Ryzen AI currently supports many popular LLMs in both hybrid and NPU-only flows. For these models, the required operators are already compiled and included in the Ryzen AI runtime. Such models can be run directly on Ryzen AI without any additional preparation.

When users fine-tune these models, only the weights change and no new operator shapes are introduced. In that case, follow the steps from Preparing OGA Models to prepare the model, which will run on the Ryzen AI runtime using the precompiled operators.

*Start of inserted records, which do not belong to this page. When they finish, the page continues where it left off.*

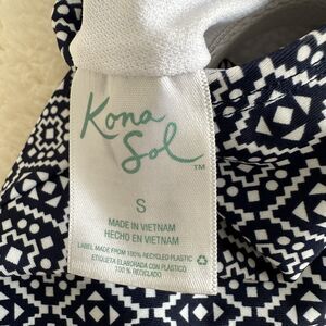 Kona Sol Tankini Swim Top Sz S Navy White Geometric Print Padded Halter Beach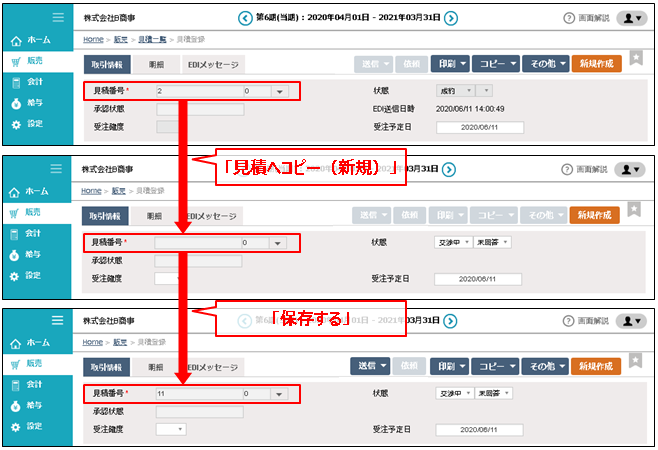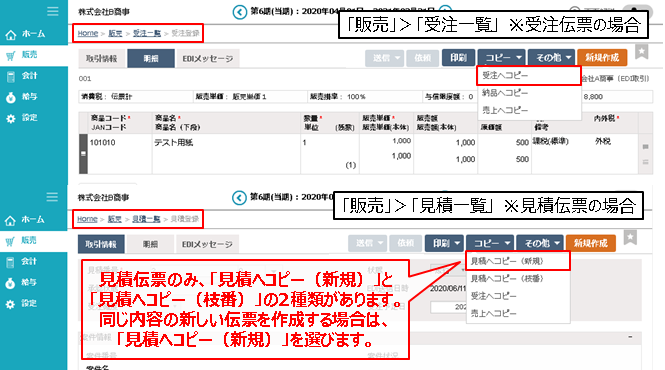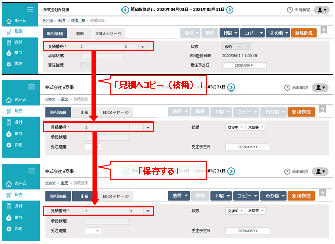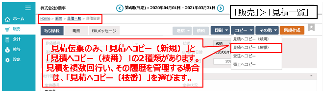 見積のみにある特殊な機能です。他の伝票と異なり伝票番号に枝番管理機能があります。このコピーにより、見積を何度も行った場合の履歴が管理できます。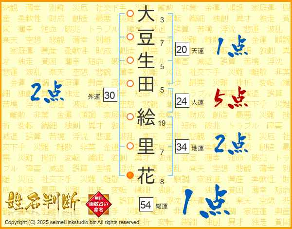 大(3画)豆(7画)生(5画)田(5画) 絵(19画)里(7画)花(8画)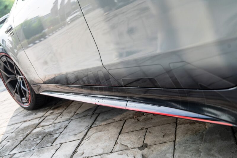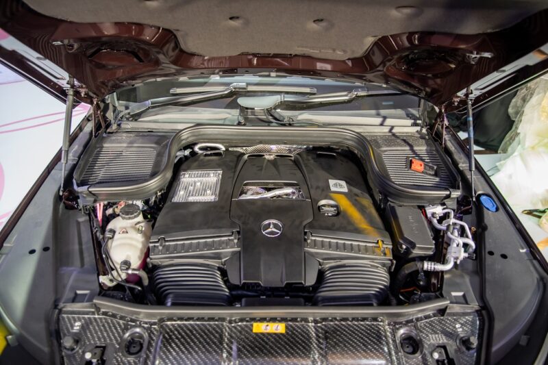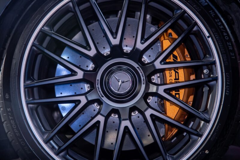 Turut disertakan adalah sistem suspensi udara dengan peredam adaptif yang dikawal secara elektronik, serta sistem brek AMG lengkap dengan angkup brek berwarna merah.

However, in cases where architectural changes introduce new operator shapes not available in the Ryzen AI runtime, additional operator compilation is required. This page provides a recipe to compile operators that are not already present in the runtime. This flow is experimental, and results may vary depending on the extent of the architectural changes.

Note

All OGA models are currently based on the ONNX Runtime GenAI Model Builder architecture. Therefore, this operator compilation flow requires the models are supported by ONNX Runtime GenAI.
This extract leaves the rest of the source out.